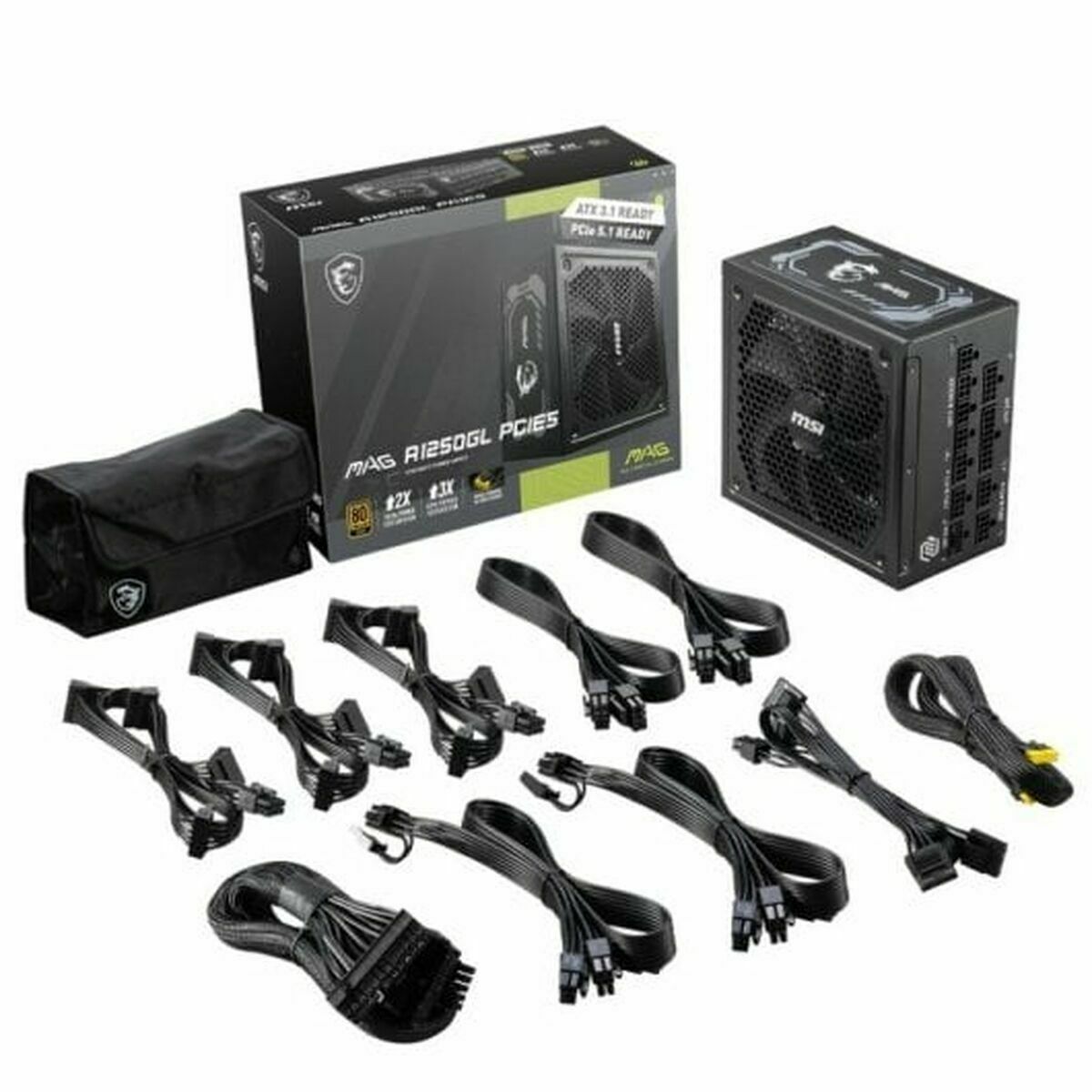 MSI MAG A1250GL PCIE5. Potencia total: 1250 W, Voltaje de entrada AC: 100 - 240 V, Frecuencia de entrada AC: 50/60 Hz. Alimentador de energía para tarjeta madre: 24-pin ATX, Longitud del cable de alimentación de la placa base: 60 cm, Longitud del cable de alimentación SATA: 500 mm. Utilizar con: PC, Factor de forma de fuente de alimentación (PSU): ATX, Certificación 80 PLUS: 80 PLUS Gold. Color del producto: Negro, Tipo de enfriamiento: Activo, Diámetro de ventilador: 13,5 cm. Cables incluidos: CPU, PCIe, Peripheral (Molex), SATA
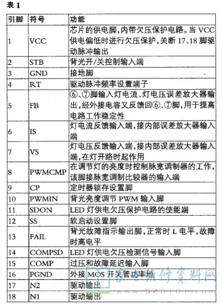 背光电路的芯片型号是LED背光驱动BD9211F。各脚名称及功能见表1。
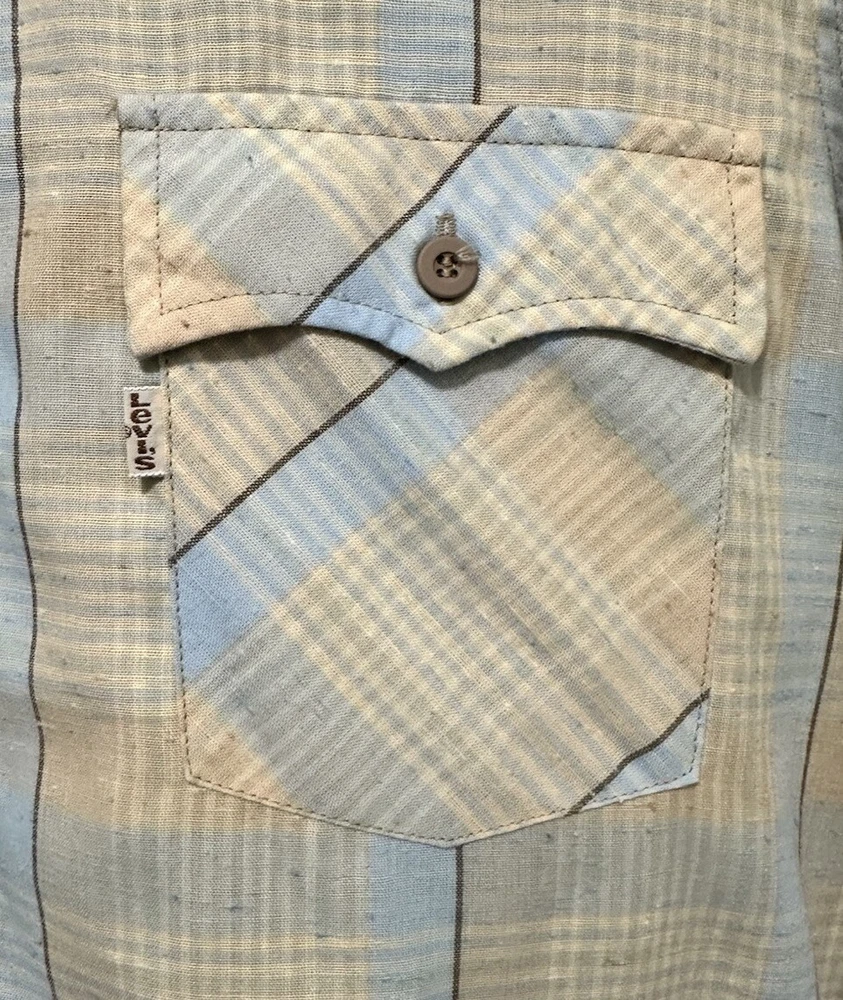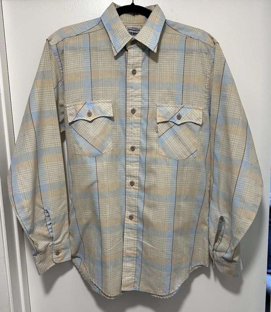 Crafted for the classic fashion enthusiast, this Levi's men's casual button-up shirt blends timeless style with modern comfort. The shirt showcases a tasteful blue plaid pattern, complete with a spread collar and button accents that evoke a Western retro vibe. It's designed with a versatile long-sleeve cut and a regular fit to suit any casual occasion, ensuring both style and ease. The shirt is made from a durable blend of cotton, polyester, and cotton blend fabrics, providing a lightweight feel that's ideal for all seasons. With a chest size of 44 inches, it's machine washable for easy care and features practical pockets for functionality. Whether it's fall, spring, or winter, this piece is a reliable addition to your wardrobe, celebrating the fusion of classic design and contemporary living. In Good Condition. Some normal wear. See photos Tape Measurements: Armpit to Armpit: 22” (Chest: 44”) Shoulder to Shoulder: 18.5” Shoulder to Bottom Hem: 26” Sleeve Length (from center back collar): 35”
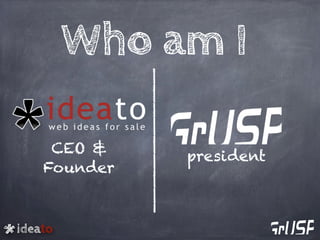This document discusses the history and evolution of Ideato, a non-profit organization that promotes good development practices through conferences and other activities. It started by organizing a free Italian conference but saw limited success. It then transitioned to an English conference with paid tickets that was more appealing to international attendees. However, it also created cheaper Italian conferences and initiatives to support the local community. After several successful years expanding its events, Ideato continues to help developers and communities grow through conferences and other learning opportunities.

Task requirements: The data shown above must be printed again exactly, with no images included.

Response for this exercise:
 MSI MAG A1250GL PCIE5. Potencia total: 1250 W, Voltaje de entrada AC: 100 - 240 V, Frecuencia de entrada AC: 50/60 Hz. Alimentador de energía para tarjeta madre: 24-pin ATX, Longitud del cable de alimentación de la placa base: 60 cm, Longitud del cable de alimentación SATA: 500 mm. Utilizar con: PC, Factor de forma de fuente de alimentación (PSU): ATX, Certificación 80 PLUS: 80 PLUS Gold. Color del producto: Negro, Tipo de enfriamiento: Activo, Diámetro de ventilador: 13,5 cm. Cables incluidos: CPU, PCIe, Peripheral (Molex), SATA
 背光电路的芯片型号是LED背光驱动BD9211F。各脚名称及功能见表1。
 Crafted for the classic fashion enthusiast, this Levi's men's casual button-up shirt blends timeless style with modern comfort. The shirt showcases a tasteful blue plaid pattern, complete with a spread collar and button accents that evoke a Western retro vibe. It's designed with a versatile long-sleeve cut and a regular fit to suit any casual occasion, ensuring both style and ease. The shirt is made from a durable blend of cotton, polyester, and cotton blend fabrics, providing a lightweight feel that's ideal for all seasons. With a chest size of 44 inches, it's machine washable for easy care and features practical pockets for functionality. Whether it's fall, spring, or winter, this piece is a reliable addition to your wardrobe, celebrating the fusion of classic design and contemporary living. In Good Condition. Some normal wear. See photos Tape Measurements: Armpit to Armpit: 22” (Chest: 44”) Shoulder to Shoulder: 18.5” Shoulder to Bottom Hem: 26” Sleeve Length (from center back collar): 35”
This document discusses the history and evolution of Ideato, a non-profit organization that promotes good development practices through conferences and other activities. It started by organizing a free Italian conference but saw limited success. It then transitioned to an English conference with paid tickets that was more appealing to international attendees. However, it also created cheaper Italian conferences and initiatives to support the local community. After several successful years expanding its events, Ideato continues to help developers and communities grow through conferences and other learning opportunities.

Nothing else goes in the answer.